All in all, the above results regarding the comparison of new bone formation between BCP and BX are in agreement with our findings 6 months after socket preservation. However, we must point out that because of the different clinical indications, the different times at which the biopsies were harvested, the material composition (HA and β-TCP ratio), and the fact that we used an injectable form of BCP, an objective comparison with the aforementioned studies is limited.

Among all bone grafts, cerabone® was selected as biomaterial in the control group. Cerabone® has been well studied to date in both preclinical animal studies [50,51,52,53,54,55,56] and human clinical trials [57,58,59]. Socket preservation using cerabone® has proven to be a reliable method to minimize the loss of bone volume at the extraction site [57]. In the current study, cerabone® has shown new bone formation of 30.47 ± 16.39% 6 months after socket preservation. A previous histomorphometric analysis of biopsies collected after augmentation of the sinus floor with cerabone® in two postoperative periods, early (mean: 5.73 ± 0.44 months) and late (mean: 8.68 ± 1.76 months), showed new bone formation in the early group of 22.77% ± 5.89% and 26.15% ± 11.18% in the late group [58]. Our results suggest higher new bone formation, but it should be considered that we evaluated our histomorphometric results 6 months after socket preservation. Overall, cerabone® shows promotion of osteoconduction, complete integration into the NB, and a slow resorption rate as well as good handling properties.
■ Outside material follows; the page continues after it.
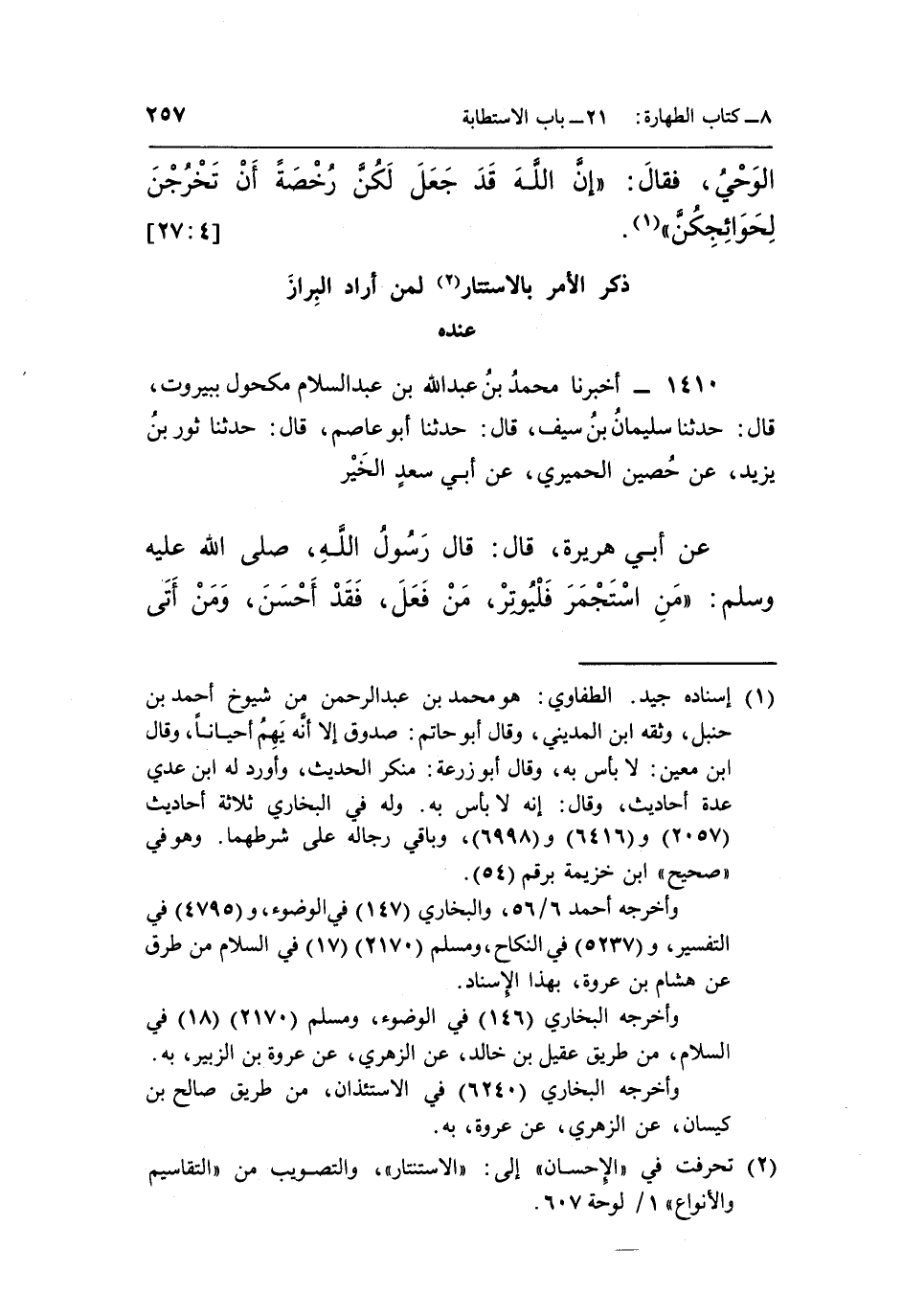 (¬1) إسناده جيد. الطفاوي: هو محمد بن عبد الرحمن من شيوخ أحمد بن حنبل، وثقة ابن المديني، وقال أبو حاتم: صدوق إلا أنه يَهِمُ أحيانا، وقال ابن معين: لا بأس به، وقال أبو زرعة: منكر الحديث، وأورد له ابن عدي عدة أحاديث، وقال: إنه لا بأس به. وله في البخاري ثلاثة أحاديث (2057) و (6416) و (6998) ، وباقي رجاله على شرطهما. وهو في " صحيح " ابن خزيمة برقم (54) .

It is known that cerabone® and Bio-Oss™ (Geistlich Biomaterials, Wolhusen, Switzerland) are two of the most commonly used BXs [9]. Bio-Oss™ is the most investigated BX, with a similar performance to autogenous bone [60]. A quantitative histological comparison between cerabone® and Bio-Oss™ showed comparable results in terms of the mean percentage of new bone formation, with no significant difference between the groups [59]. In addition, a retrospective study published by Mahesh et al. [61] showed comparable results between these two biomaterials in terms of new bone formation and tissue response 6 months after sinus floor augmentation. All in all, it can be concluded that cerabone® is a good and reliable biomaterial whose performance is consistent with that of Bio-Oss™, and both of them can challenge the gold standard in bone augmentation–autogenous bone.

It should be noted that the limitation of this study is the lack of a negative control group consisting of sockets with no intervention in healing. Nevertheless, socket preservation minimizes bone resorption compared with extraction without intervention [62]. Therefore, we did not want to include a negative control group in this study primarily for ethical reasons toward patients who deserve the best treatment option.
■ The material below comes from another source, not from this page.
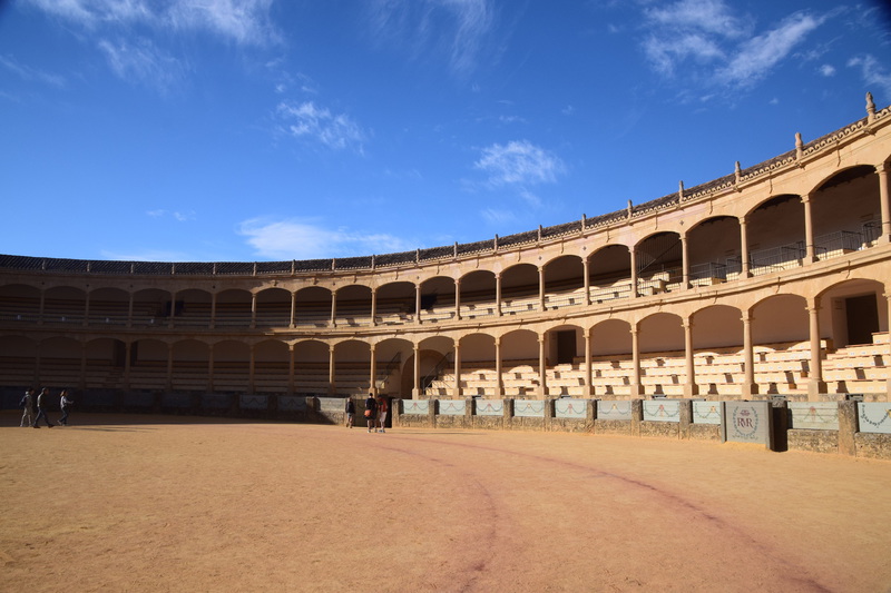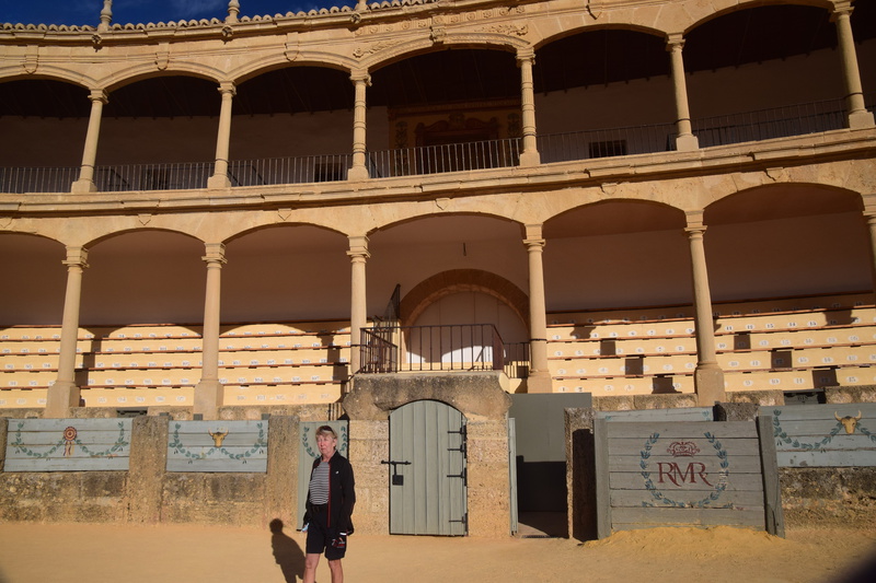 Wie an den letzten Tagen möchten wir auch heute Morgen baden gehen. Doch leider sind über Nacht viele kleine Quallen in die Bucht gespült worden – wir verzichten auf das Bad und starten wenig später um in die Berge zu fahren. Ein erster Halt machen wir beim Ort Casares. Hier hat man zum ersten Mal die Chance Gänsegeier zu sehen, die in einer Brutkolonie am Felsgrat leben – und wir haben sie recht nah gesehen. Wir wandern vom Parkplatz zum Ort und erklimmen, durch schmale Straßen gehend die Burgruine Castillo de Casares. Weiter geht es in Richtung Ronda und wir machen alle paar Kilometer Halt um in Schluchten zu schauen, gleichzeitig sehen wir immer wieder unzählige Gänsegeier ( 50-…), die über uns ihre Kreise ziehen. So nahe haben wir so große Raubvögel in freier Wildbahn noch nie gesehen ( Spannweite bis 2,60m ). Alleine die Ansicht dieser Tiere hat die Fahrt in diese Bergwelt gelohnt – etwas schöneres haben wir heute nicht gesehen. Die Straße wird immer schmaler und kurviger (Mario kommt voll auf seine Kosten) und so kommen wir zum Schlumpfdorf Júzcar (vor einigen Jahren haben die Macher des US-Animationsfilms „Die Schlümpfe“ das Dorf als perfekte Kulisse entdeckt und mit Geld, Überredungskünsten und 9000 Litern blauer Farbe die Bewohner der Gemeinde veranlasst, ihre Häuser in schlumpfblau zu streichen). Der Besuch des Ortes lohnte sich nicht – vielleicht auch, weil wir in der frühen Mittagszeit dort waren. Nach weiteren 20 km kommen wir in die 35.000 Einwohner-Stadt Ronda, sie zählt zu den bekanntesten Sehenswürdigkeiten Andalusiens. Grund dafür ist vor allem die gewaltige, von Brücken überspannte und bis zu 160 Meter tiefe Schlucht El Tajo. Eine weitere Sehenswürdigkeit ist die Stierkampfarena Real Maestranza. Sie wurde 1785 eröffnet und ist damit die älteste noch existierende Arena des Landes.

Recent developments in the field of BCPs report novel modifications, such as incorporation of bioactive agents and tuning of composition, porosity, and roughness, which may represent the future for new generation materials for bone remodeling [63].
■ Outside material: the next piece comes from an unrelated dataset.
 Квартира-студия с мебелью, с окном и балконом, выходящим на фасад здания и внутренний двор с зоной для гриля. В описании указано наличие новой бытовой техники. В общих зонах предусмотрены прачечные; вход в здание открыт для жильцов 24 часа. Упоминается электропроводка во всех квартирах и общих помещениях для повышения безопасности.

To summarize, both IBCP and BX provide comparable histomorphometric results for newly formed bone. Based on qualitative histologic findings we can conclude that both biomaterials have good osteoconductive properties and biocompatibility. The higher percentage of soft tissue in the IBCP group and its clinical relevance should be the focus of future research, as well as the regenerative potential of IBCP in larger alveolar defects.